- Born: 1938 Ruhengeri province, Ruanda-Urundi
- Died: 13 November 2006 Kigali, Rwanda
- Political party: Rwanda Patriotic Front

= Alexis Kanyarengwe =

Rwandan military officer

Colonel Alexis Kanyarengwe (1938–2006) was a Rwandan officer who fled Rwanda in 1980 amidst accusations that he was plotting against Juvénal Habyarimana.

Kanyarengwe rose to power as one of the officers who led a coup on July 5, 1973, that toppled then President Grégoire Kayibanda, installing Habyarimana. He was appointed Minister of the Interior in the new government, and reportedly rose to the number two position. In December 1980 he came under suspicion of fomenting a coup against Habyarimana and fled into exile in Tanzania.

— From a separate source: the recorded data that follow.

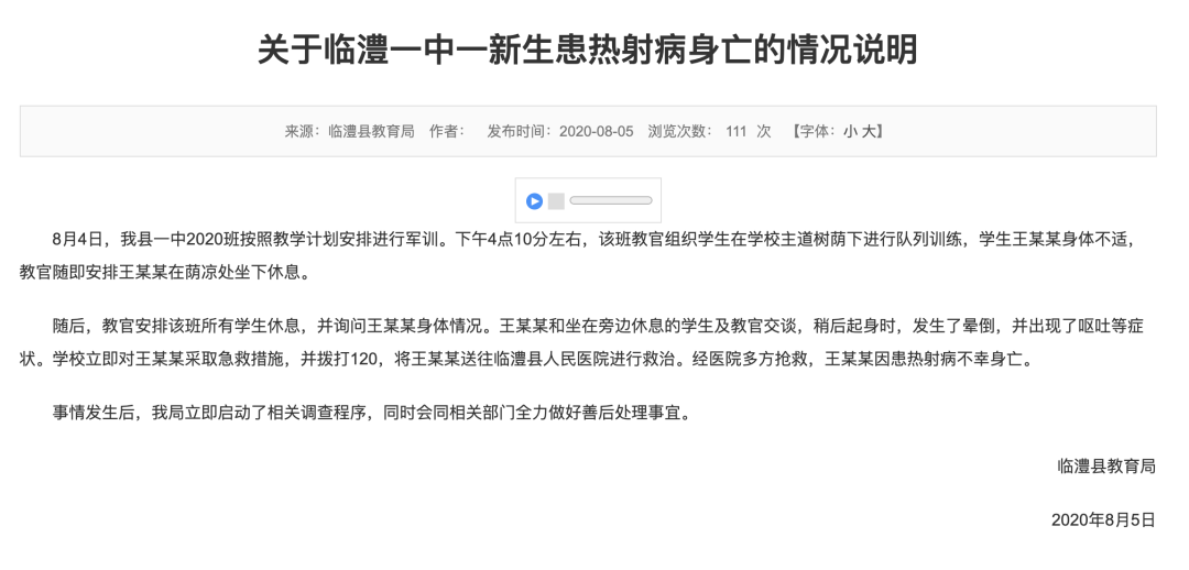 粗略搜索了一下,历年来因为军训出意外的事情还真不少。
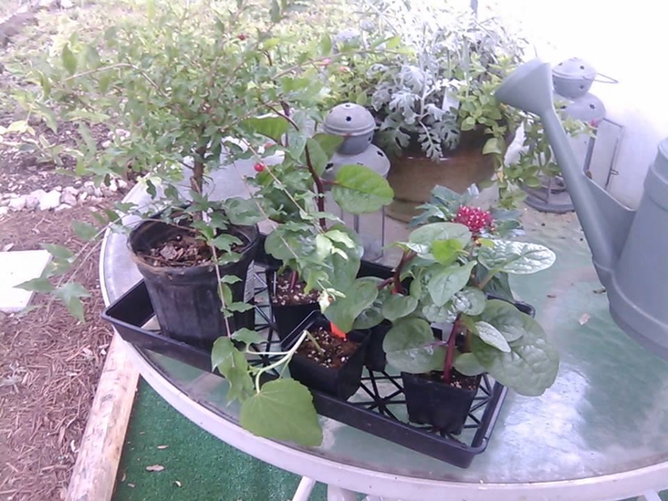 My self imposed exile from Natural Gardener's, well any garden center is over. I am the first to admit, I may have had a problem when I went shopping. It seems, I could not leave any garden center without spending at least $100. No kidding. I decided I finally have a handle on my addiction and it was time try out my new found self control. Although, I did not go alone. Kevin went with me...just in case. The cool this about Natural Gardener's is they have a rewards card. For every $10.00 you spend, you get a stamp. It does takes 20 stamps to fill a card. I got to use my rewards card on my visit, so I only ended up spending $7.90. Woo hoo me! I bought two Malabar Spinach plants, two okra plants, a Dwarf Barbados Cherry Tree, and a flower to replace one that died.
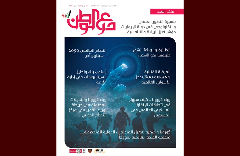 وجاءت افتتاحية العدد تحت عنوان “الإمارات والإستعداد لمرحلة مابعد كورونا “ .. فيما جاء ملف العدد بعنوان “مسيرة التطور العلمي والتكنولوجي في دولة الإمارات مؤشر تعزز الريادة والتنافسية “ فيما استعرض العدد جملة من الموضوعات المتخصصة في فيروس كورونا مثل ووباء كورونا كيف سيؤثر في اتجاهات الإنفاق العسكري العالمي في المستقبل وموضوع استخدام الذكاء الإصطناعي للتعامل مع الأوبئة “كوفيد -19” نموذجا.
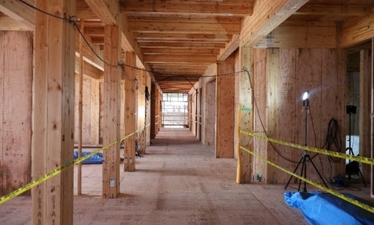 ・建築基準法の改正後の先進的な事例となる、耐火RC造の建物への火熱遮断壁等の使用による準耐火木造増築
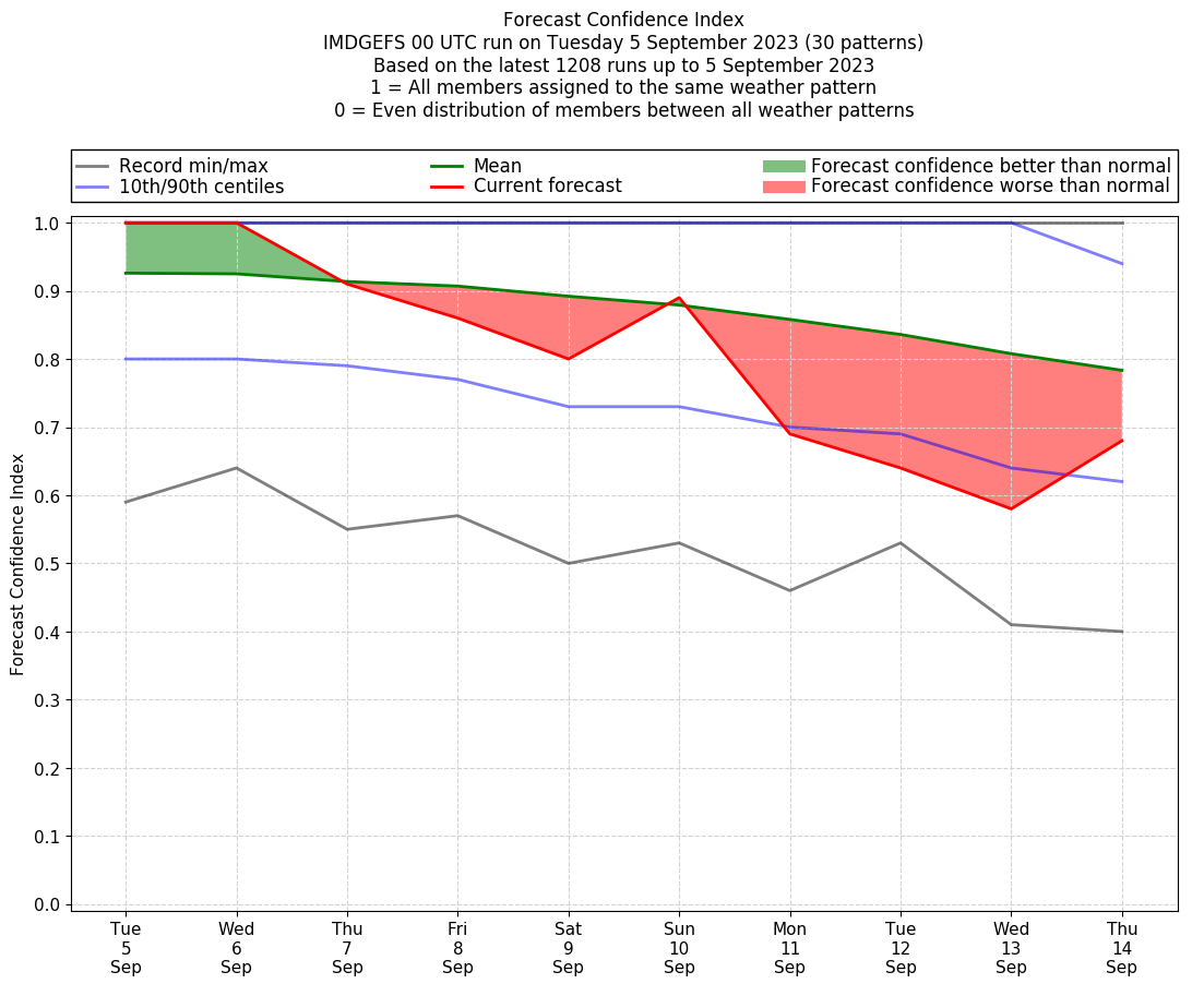 | Weather patterns typically associated with contrywide dry period tendencies over India are most likely Weather patterns 2, 3, 7, 8, 9, 16 and 20 (countrywide winter dry period) | |
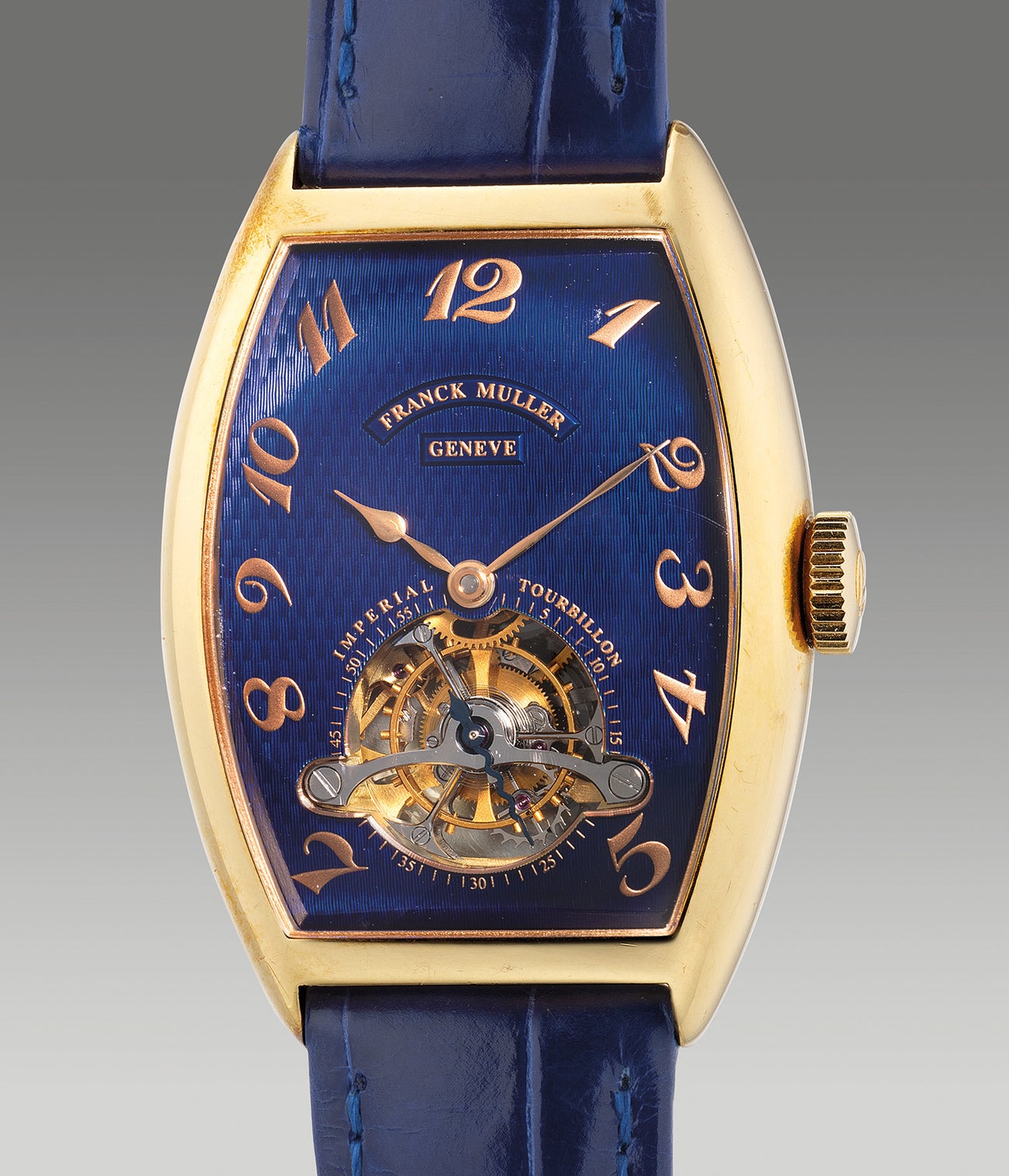 A fine and impressive yellow gold tonneau-shaped tourbillon wristwatch with small seconds, guilloché enamel dial and Breguet numerals

In September 1990, after three years of convincing, Kanyarengwe joined the Rwandan Patriotic Front (RPF), following a meeting with Aloisea Inyumba. This is despite his being a Hutu and the RPF being made primarily of Tutsi in exile. The effect of his defection in Rwanda led to Habyarimana cracking down further on internal opposition.

Kanyarengwe joined the RPF as its vice president, but quickly rose up the ranks. In October 1990, RPF founder Fred Rwigyema was killed in mysterious circumstances, possibly by his deputy Pierre Bayingana. Bayingana was himself assassinated by forces loyal to Rwigyema. In the fallout of these events, Kanyarengwe was thrust into the presidency.

However, real power was thought to be held by RPF vice president Paul Kagame.

On 28 March 1997, Kanyarengwe was sacked from his post as Interior minister after protesting Rwandan Patriotic Army massacres in his home prefecture of Ruhengeri. Ignace Karuhije, who also protested, was removed on the same day. On 15 February 1998, Kanyarengwe was finally replaced by Paul Kagame as chairman of the RPF.